Afterwards, when the client determines that there is no newly added data item in the bless directory, it will index the status of the subdirectories under the bless directory. The specific method is the same as the method for determining the bless directory, and will not be repeated here. The determined result is to build two ADD synchronization commands. The Meta field in one of the commands indicates that the data type is the directory item Folder, the LUID field indicates the number 1007 of the data to be synchronized, the Data field indicates that the specific data is Spring Festival, and the SourceParent field indicates The parent directory to which it belongs is 1006; the Meta field in another command indicates that the data type is the directory item Folder, the LUID field indicates the number 1008 of the data to be synchronized, the Data field indicates that the specific data is Mid-autumnFestival, and the SourceParent field indicates its parent directory for 1006.

Afterwards, when the client confirms that there are no newly added subdirectories under the bless directory, then determine the status of the data items under the SpringFestival directory and the Mid-autumn Festival directory. The specific method is the same as the method for determining N1. Construct two ADD synchronous commands, which will not be repeated here.

By analogy, until the ADD synchronization command is issued for all the added data, the recursive synchronization is realized in this way. Of course, if only a certain directory item is synchronized, and the data items under this directory item are no longer synchronized, the non-recursive synchronization is actually realized.
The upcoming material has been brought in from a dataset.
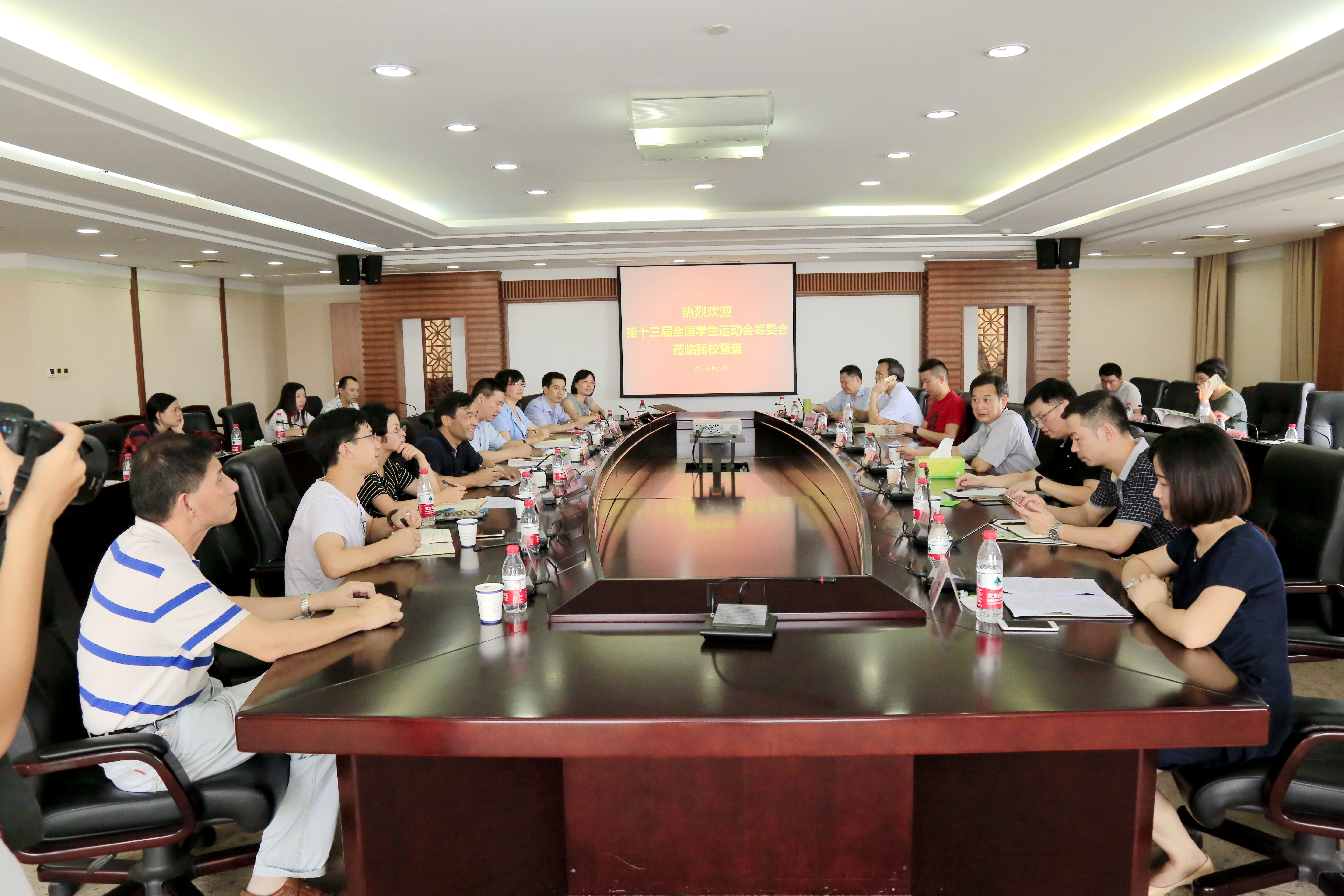 鲍学军了解了我校的赛事筹备情况,肯定武术项目场馆、功能用房的建设和学校后勤及安保设施的改建,并提出三点要求:一是筹备工作要及时查漏补缺,抓紧时间,补齐短板,落实任务,责任到人;二是抓好运动员寝室建设,逐间检查,逐一排查,细化卫生;三是强化软件建设,提升赛事氛围,用饱满的精神、热情的态度、周到的服务迎接全国各省代表队的到来。鲍学军还慰问了我校各部门相关工作人员,肯定他们的辛勤付出,鼓励大家齐心协力,在最后的刺激阶段不放松不懈怠,继续努力,顺利完成并优化筹备工作。

In addition, it is also possible to only synchronize a certain directory item and the data items under the directory item without synchronizing the subdirectory items under the directory item.

Afterwards, all the constructed ADD synchronization commands are sent to the server. If the amount of data in each ADD command is small, multiple ADD commands can be included in one message, and one-time interaction is enough; if there is a large amount of data, multiple interactions are required. In practical applications, only one ADD synchronization command can be sent, but multiple directories and data items are included in one ADD command, that is, it is still multiple ADD commands logically.

The following describes the process of performing a synchronization operation after the server receives the above-mentioned ADD command. The table involved in this process is similar to the table shown in Figure 3b, so it is not shown in the figure.

When the server receives the synchronization command to add the bless directory item, it determines the type of the data to be synchronized as a directory item through the Meta field in the received synchronization command, and determines the serial number of the data to be synchronized on the client side as 1006 according to the LUID field. The Data field determines its name as bless, and its parent directory is determined as the root directory according to the SourceParent field. Afterwards, assign the local number Folder GUID of the server to the data to be synchronized, such as 100006. Then, add a corresponding entry in the locally set directory table, that is, add 100006, bless, the root directory, and the corresponding relationship entry of the current state of the bless data. And, keep the corresponding relationship between the number LUID of the synchronization data on the client side and the number GUID of the synchronization data on the server side in the corresponding relationship list between the number in the SyncML client and the number in the server that you have set, that is, save 1006 and 100006 Correspondence between.

When the server receives the synchronization command to add the N1 data item, it determines the type of the data to be synchronized as a data item through the Meta field in the received synchronization command, and determines the serial number of the data to be synchronized on the client side as 2001 according to the LUID field. The specific data content determined by the Data field is N1, and its parent directory is determined as 1006 according to the SourceParent field. After that, save the N1 data in the local database, and then assign the server local number FolderGUID to the data to be synchronized, such as 200001, and add the corresponding entry in the Data Item Table that has been set locally, that is, increase the correspondence between 200001 and N1 Relationship entry; add corresponding entries in the Index Table, that is, add 200001, 100006 and the corresponding relationship entries of the current state of the N1 data, and keep the corresponding relationship list between the number in the SyncML client and the number in the server that you have set. The corresponding relationship between the serial number of the synchronization data on the client side and the serial number of the synchronization data on the server side is to store the corresponding relationship between 2001 and 200001.

The method of adding Spring Festival directory items and Mid-autumn Festival directory items on the server side is the same as that of adding bless directory items, and the method of adding N2 and N3 data items is the same as that of adding N1 data items, so I won’t repeat them here.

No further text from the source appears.